Further, it can be seen that both element and master stiffness matrices have zero determinant. Hence, they are not invertible in the current form, which means that they are singular. This is also associated with existence of zero eigenvalue. From linear algebra we know that if an eigenvalue of a matrix becomes zero, it’s determinant also becomes zero and hence matrix becomes singular or non-invertible. So, if any eigenvalue becomes zero for stiffness matrix, it would not be possible to invert it and hence no unique solution for displacements can be obtained.

Fig. 14 Singularity of stiffness matrix

However, generally, after applying displacement boundary conditions on element or master stiffness matrix, they don’t have any zero eigenvalues, and hence they become invertible. So, it would be possible to obtain a unique solution for the displacement.

But, this is true only for linear problems! For non-linear problems, even after application of displacement boundary conditions, the stiffness matrix can become singular, or it can suffer a loss of rank. There are many instability phenomenon where such a scenario might occur — like buckling analysis or snap through analysis. In these cases, eigenvalues becomes zero, even after accounting for displacement boundary condition. The corresponding deformation mode is then referred to as an instability mode, which is not a rigid body mode, but still results in a zero eigenvalue.

Positive Definite and Positive Semi-definite Stiffness Matrix

Till now we have concluded that the stiffness matrices are real valued and symmetric (well, at least in the case of linear problems).
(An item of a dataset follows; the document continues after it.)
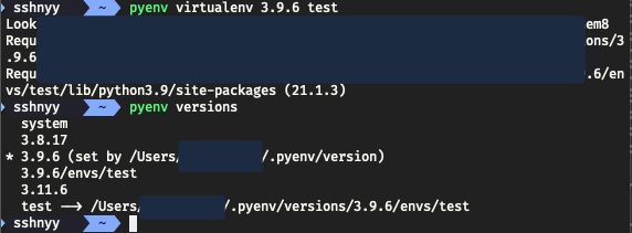 - ๊ฐ์ํ๊ฒฝ ์์ฑ-๋ฒ์ ์ง์ : pyenv virtualenv 3.9.6 test

From linear algebra we know that any real-symmetric matrix has got real eigenvalues and orthogonal eigenvectors. Similarly, stiffness matrices have also got real eigenvalues which are greater than or equal to zero. Due to this reason, stiffness matrices are at least positive semi-definite. So, stiffness matrices prior to the application of boundary conditions are positive semi-definite and non-invertible, because they have at least one zero eigenvalue.

However, after application of displacement boundary conditions, stiffness matrices becomes positive definite with real-positive eigenvalues (except in case of instability problems). Positive definite matrices are invertible, non-singular with all eigenvalues, determinant and sub-determinants greater than zero.

The advantage of working with positive definite stiffness matrix is that it’s eigenvalues, which in turn represents “stiffness” for corresponding eigenvectors (deformation modes) are real and greater than zero. This is so desired because negative stiffness does not make any sense physically and zero stiffness represents either a rigid body mode or an instability mode. In the field of structural mechanics, where we work predominantly with stiffness matrices of structures, it is helpful to work with positive definite matrices because it results in physically sensible eigenvalues (stiffness)and eigenvectors (deformation modes).

Fig. 15 Stiffness matrix as a positive definite and positive semi-definite matrix

Conclusion

In this article part 2 of basics of finite element using direct stiffness method, we covered some mathematical properties and their physical interpretation for an element and a global structural stiffness matrix. We figured out that stiffness matrix has following properties -

  • Real-symmetric
  • Real eigenvalues and orthogonal eigenvectors
  • At least Positive semi-definite

We learnt that the stiffness matrices are singular or non-invertible prior to the application of displacement boundary condition, which means they have at least one zero eigenvalue, which represents either a rigid body movement or an internal free mechanism inside the structure. However, there are cases of instability like buckling or snap through processes, where stiffness matrix becomes singular or non-invertible even after application of displacement boundary conditions. In such cases, there exists deformation modes (eigenvectors) which are not rigid body modes, still corresponding stiffness (eigenvalue) is zero.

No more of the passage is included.